Mirror of Justice

A blog dedicated to the development of Catholic legal theory.
Affiliated with the Program on Church, State & Society at Notre Dame Law School.

Wednesday, February 11, 2015

Two nice quotes (HT Jacob Levy) on pluralism

Reading through Jacob Levy's (great) new book, Rationalism, Pluralism, and Freedom, I came across (p. 66) these two quotes:

There are certain ideas of uniformity, which sometimes strike great geniuses (for they even affected Charlemagne), but infallibly make an impression on little souls. They discover therein a kind of perfection, which they recognize because it is impossible for them not to see it; the same authorized weights, the same measures in trade, the same laws in the state, the same religion in all its parts. But is this always right and without exception? Is the evil of changing constantly less than that of suffering? And does not a greatness of genius consist rather in distinguishing between those cases in which uniformity is requisite, and those in which there is a necessity for differences? In China the Chinese are governed by the Chinese ceremonial and the Tartars by theirs; and yet there is no nation in the world that aims so much at tranquillity.

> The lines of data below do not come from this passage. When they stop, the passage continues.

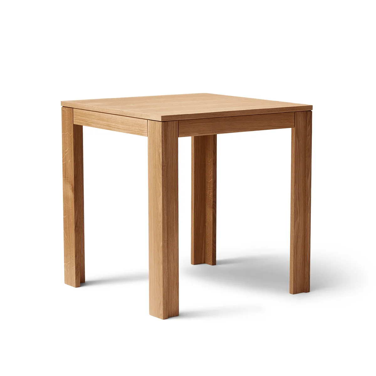 De Element tafel combineert minimalistisch design met precisie vakmanschap. Met zijn vierkante formaat van 70×70 cm en zijn heldere lijnen is de tafel ideaal voor kleinere eetruimtes, vergaderzalen of eetkeukens.
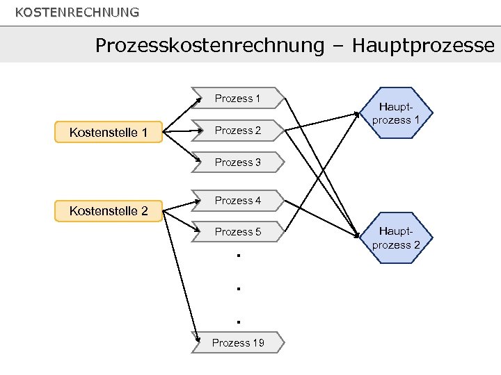 KOSTENRECHNUNG Prozesskostenrechnung – Hauptprozesse Prozess 1 Kostenstelle 1 Prozess 2 Hauptprozess 1 Prozess 3 Kostenstelle 2 Prozess 4 Prozess 5 . . . Prozess 19 Hauptprozess 2
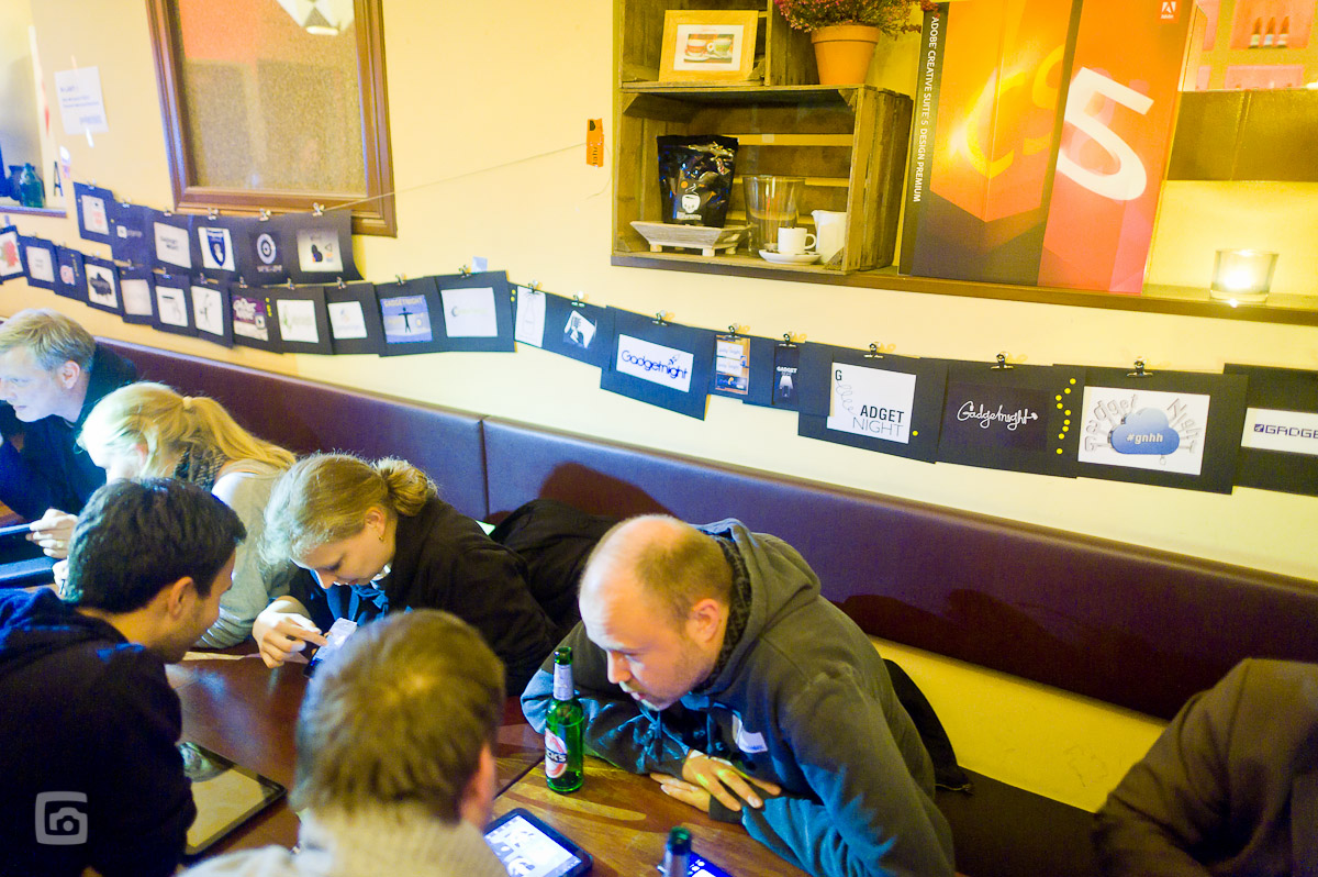 Für so einen tollen Preis reichte ausnahmsweise nicht die bloße Anwesenheit. Diesmal konnten die Interessierten im Vorfeld einen Vorschlag für ein Logo einreichen. Die Teilnehmer der Gadget Night haben dann mit einfachem analogem Voting (Punktekleben) aus den vielen Vorschlägen das Beste rausgesucht. Den Gewinner siehst Du bei Facebook.

If the people observe the laws, what signifies it whether these laws are the same?  Montesquieu, The Spirit of the Laws.

And this:

The man of system, on the contrary, is apt to be very wise in his own conceit; and is often so enamoured with the supposed beauty of his own ideal plan of government, that he cannot suffer the smallest deviation from any part of it. He goes on to establish it completely and in all its parts, without any regard either to the great interests, or to the strong prejudices which may oppose it. He seems to imagine that he can arrange the different members of a great society with as much ease as the hand arranges the different pieces upon a chess-board. He does not consider that the pieces upon the chess-board have no other principle of motion besides that which the hand impresses upon them; but that, in the great chess-board of human society, every single piece has a principle of motion of its own, altogether different from that which the legislature might chuse to impress upon it.   Adam Smith, Theory of Moral Sentiments.

I'd encountered (as have most MOJ readers, I imagine) these passages before, but . . . they seemed timely.